Soni recounts a conversation she had with a senior police official on her return to Chhattisgarh earlier this year after the Supreme Court gave her bail. The cop said to her: “You will say there is no need for outsiders to come into Chhattisgarh. We can solve our own problems. You will denounce these outsiders.” Soni’s answer was a ‘no’. That if she had got any help, fighting the charges against her and getting bail, it was because of outsiders. The cop said: “Outsiders will not come to your house. You will not meet with them there.” Soni’s answer again was no. That whosoever wished to come to her home was welcome to. That she is now a member of the Aam Aadmi Party, and the police cannot tell her who she can and cannot meet. How did the cop react? “He kept quiet,” says Soni.
Even today, most policemen tend not to want to talk about Soni Sori. “She is not a benchmark, and an acquittal does not mean a crime was not committed,” said a senior police official, without wishing to be named.

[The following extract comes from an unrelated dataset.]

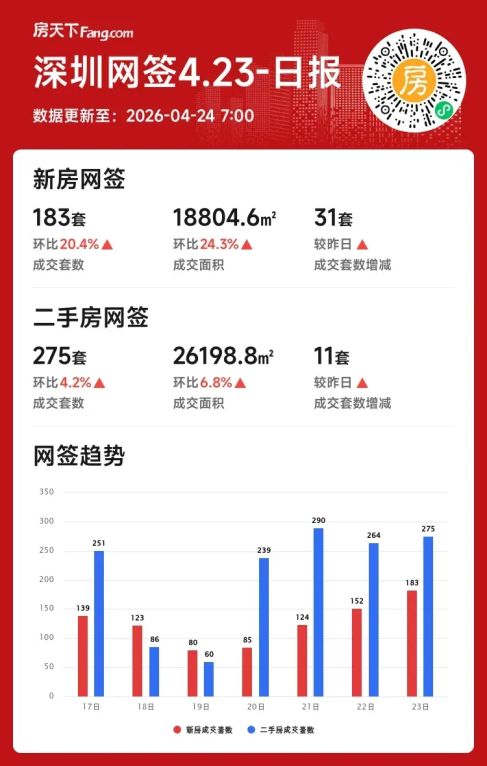 2026年04月23日深圳楼市新房成交火热,环比涨幅超两成!

According to Shalini Gera, Soni’s lawyer, Soni is the way she is because “she has a strong sense of justice. And that she doesn’t easily back down.” Other battles lie ahead. Soni speaks of the other tribals she met while in jail, people who had spent as many as six years in jail as undertrials without getting bail – a distressingly familiar trope that you hear again and again in Chhattisgarh. “It is always the tribals who are stuck in jail, mostly on Naxal-related charges and you don’t get bail in those cases,” says Soni.
She adds that it is a difficult battle to fight. “Today, I will tell a tribal to fight the state because he has been locked up for so long, and he might agree. But tomorrow, the police will tell him to drop the case, and he will agree to that too. The tribal is usually a simple man, worried about jal, jungle, jameen, not rules and regulations.”
But Soni believes that an opportunity has presented itself with the recent arrest of Virendra Pratap Singh, a government school teacher like herself, who has been arrested for allegedly aiding the Maoists and is currently being held in Dantewada jail. “He’s a teacher like me. He’s not a tribal. He should want to fight. And it will be a good way to get word about the problem out.”
Soni says she went to the jail to meet him but that she was not allowed to because she was not family. And that she has been able to speak to his family over the phone but – she claims – that they’re scared, that they’re being pressurised to stay away from her. “I can understand,” says Soni. “They did the same thing with me.”